We saw signs of a rise in sentiment amongst small business owners for April in data released last month, and the positive outlook strengthened further in May, in an encouraging sign for the US economy.
By Peter Martin
Tuesday, June 9, 2015
The National Federation of Small Business (NFIB) reported today that its Small Business Optimism Index rose to 98.3 in May from April’s reading of 96.9. This is a very strong outcome, exceeding the consensus estimate of 97.2 and hitting its highest level since the start of the year.
‘Improved profit trends accounted for over half the Index gain, a rather unusual but welcomed development,’ said Bill Dunkelberg, Chief Economist of the NFIB. He added that ‘The NFIB May survey results confirm that the economy is moving ahead.’
Though economic indicators are not yet showing wide agreement of robust growth in the US economy, the combination of today’s more upbeat assessment of the outlook by business owners with the surge in jobs growth announced on Friday has sparked some concerns that the Fed could go for lift-off as early as September. We’ll get a clearer steer on things with Thursday’s retail sales report, but in the meantime the major US stock indices have been struggling for direction. Prices were little changed in early trading on Tuesday, and shortly after the opening on Wall Street the Dow Jones was up 7 points or 0.04% at 17,773, while the broader measure of the S&P 500 Index climbed just 0.01%.
Globally though growth is soft and it is difficult to see the general stance of monetary policy amongst the major central banks remaining anything other than accommodative for some time. Chinese inflation data released overnight showed prices slackening, suggestive of a loss of momentum in the economy. The Chinese CPI fell 0.2% in May, taking the annual change down to 1.2% from April’s 1.5%. Not only is inflation running well below Beijing’s 3% target, but it is moving in the wrong direction and the warning signs of a lull in consumer demand could well invite more monetary stimulus.
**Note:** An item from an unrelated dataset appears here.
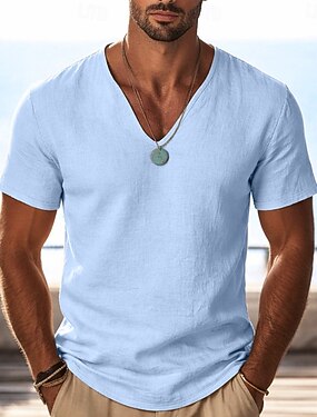 Homens Camiseta Camisa de manga curta T-shirt Camiseta de linho Manga Curta Decote V Decote mergulhador Primavera Verão Verão Primavera Côr Sólida Tecido Roupa de rua à moda Lazer Clássico Puro

Shares in Asia fell overnight, with a 0.7% drop in the CSI 300 (an index that reflects the price of 300 leading stocks from the Chinese Shanghai and Shenzhen exchanges), while stock performance in Japan was even worse, seeing the Nikkei 225 plunge 1.8%.
Eurostat confirmed its earlier first-quarter GDP estimate for the eurozone in a report released today. GDP across the shared economic region grew 0.4% in the first quarter, for a year-over-year change of 1.0%. A major contribution to that growth came from household consumption, with strong performances by the key economies of Germany, France, Italy and Spain. Though there is nothing particularly surprising in this data, given that it is line with the earlier estimate, it does provide confirmation that the eurozone is on a path of recovery.